"""
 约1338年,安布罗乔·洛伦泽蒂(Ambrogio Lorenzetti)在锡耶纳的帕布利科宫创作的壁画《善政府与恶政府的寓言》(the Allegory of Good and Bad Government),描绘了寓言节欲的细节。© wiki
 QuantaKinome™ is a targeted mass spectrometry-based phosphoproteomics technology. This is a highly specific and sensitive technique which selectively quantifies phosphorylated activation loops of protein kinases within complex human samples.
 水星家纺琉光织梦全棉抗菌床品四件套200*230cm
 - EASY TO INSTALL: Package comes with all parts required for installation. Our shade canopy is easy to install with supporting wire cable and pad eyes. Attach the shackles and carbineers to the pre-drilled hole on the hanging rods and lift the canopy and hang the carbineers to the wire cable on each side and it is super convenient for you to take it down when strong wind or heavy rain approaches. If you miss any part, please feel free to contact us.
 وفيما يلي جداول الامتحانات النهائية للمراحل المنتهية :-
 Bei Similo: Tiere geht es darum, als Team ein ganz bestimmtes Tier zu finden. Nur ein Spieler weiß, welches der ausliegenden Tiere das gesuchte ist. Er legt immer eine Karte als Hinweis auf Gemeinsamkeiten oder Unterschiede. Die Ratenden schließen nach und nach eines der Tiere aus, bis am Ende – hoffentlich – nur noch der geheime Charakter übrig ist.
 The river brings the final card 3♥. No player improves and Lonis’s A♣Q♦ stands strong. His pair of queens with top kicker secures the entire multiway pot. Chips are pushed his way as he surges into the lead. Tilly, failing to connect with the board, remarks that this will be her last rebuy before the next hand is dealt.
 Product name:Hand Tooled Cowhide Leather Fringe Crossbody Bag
"""
"""
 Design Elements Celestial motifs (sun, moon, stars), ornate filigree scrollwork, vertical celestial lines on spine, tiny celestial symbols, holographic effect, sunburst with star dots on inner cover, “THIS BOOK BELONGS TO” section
"""
"""
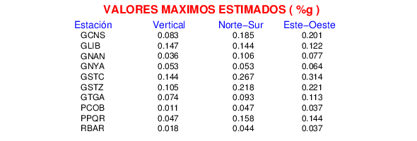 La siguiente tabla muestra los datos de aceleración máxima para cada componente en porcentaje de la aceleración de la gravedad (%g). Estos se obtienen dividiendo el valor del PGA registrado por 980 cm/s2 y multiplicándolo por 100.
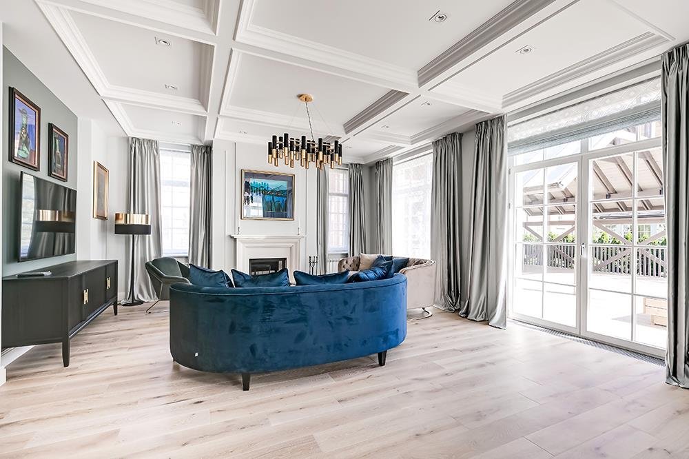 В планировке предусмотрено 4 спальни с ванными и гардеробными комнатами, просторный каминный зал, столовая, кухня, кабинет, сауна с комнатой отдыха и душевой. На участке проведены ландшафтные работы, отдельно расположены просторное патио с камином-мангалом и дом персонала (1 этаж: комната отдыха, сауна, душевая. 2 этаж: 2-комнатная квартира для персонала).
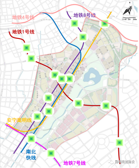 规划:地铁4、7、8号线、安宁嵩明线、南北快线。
"""
TASK INSTRUCTIONS → Across the listing, how many lines hold "strong"? The answer must be the number only.

YOUR SOLUTION → 2